ASSIGNMENT:
Word for word, restate the lines of the listing below from the line with "Дятьково, мебельный салон" through the line with "Welcome to our", and do not include the pictures.

RECORD EXCERPTS:

= = = = =

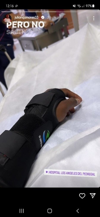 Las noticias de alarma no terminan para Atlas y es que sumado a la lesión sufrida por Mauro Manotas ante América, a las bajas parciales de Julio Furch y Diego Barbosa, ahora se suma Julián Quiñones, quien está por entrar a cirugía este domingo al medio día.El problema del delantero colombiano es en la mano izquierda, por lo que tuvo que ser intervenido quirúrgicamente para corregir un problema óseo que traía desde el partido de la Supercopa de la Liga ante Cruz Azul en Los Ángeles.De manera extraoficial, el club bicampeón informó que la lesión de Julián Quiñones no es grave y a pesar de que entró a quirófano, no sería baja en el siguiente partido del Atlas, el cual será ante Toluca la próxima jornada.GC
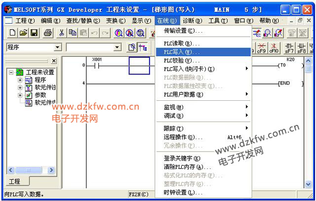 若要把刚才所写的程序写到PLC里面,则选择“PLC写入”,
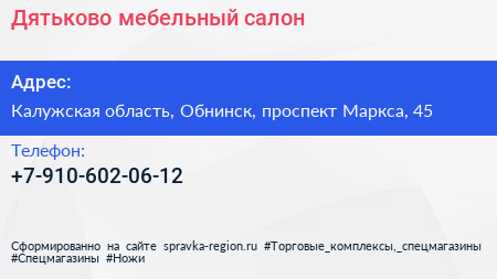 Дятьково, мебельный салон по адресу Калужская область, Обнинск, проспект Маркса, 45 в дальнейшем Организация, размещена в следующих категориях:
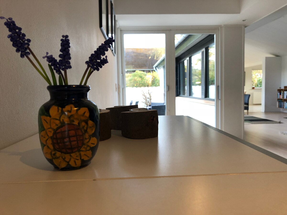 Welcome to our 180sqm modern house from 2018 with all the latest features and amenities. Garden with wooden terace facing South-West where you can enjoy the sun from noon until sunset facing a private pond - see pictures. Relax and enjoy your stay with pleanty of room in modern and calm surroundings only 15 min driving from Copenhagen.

= = = = =

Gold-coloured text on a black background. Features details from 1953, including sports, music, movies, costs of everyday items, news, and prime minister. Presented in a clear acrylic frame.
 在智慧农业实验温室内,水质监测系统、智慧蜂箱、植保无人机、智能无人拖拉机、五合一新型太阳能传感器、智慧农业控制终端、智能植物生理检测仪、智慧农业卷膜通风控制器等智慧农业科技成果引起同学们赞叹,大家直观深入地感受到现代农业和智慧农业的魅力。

= = = = =

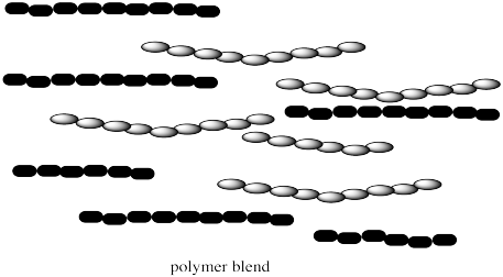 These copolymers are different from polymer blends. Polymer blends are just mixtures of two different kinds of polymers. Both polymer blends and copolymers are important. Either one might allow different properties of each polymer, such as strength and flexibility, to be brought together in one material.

= = = = =

TASK SOLUTION:
 Дятьково, мебельный салон по адресу Калужская область, Обнинск, проспект Маркса, 45 в дальнейшем Организация, размещена в следующих категориях:
 Welcome to our 180sqm modern house from 2018 with all the latest features and amenities. Garden with wooden terace facing South-West where you can enjoy the sun from noon until sunset facing a private pond - see pictures. Relax and enjoy your stay with pleanty of room in modern and calm surroundings only 15 min driving from Copenhagen.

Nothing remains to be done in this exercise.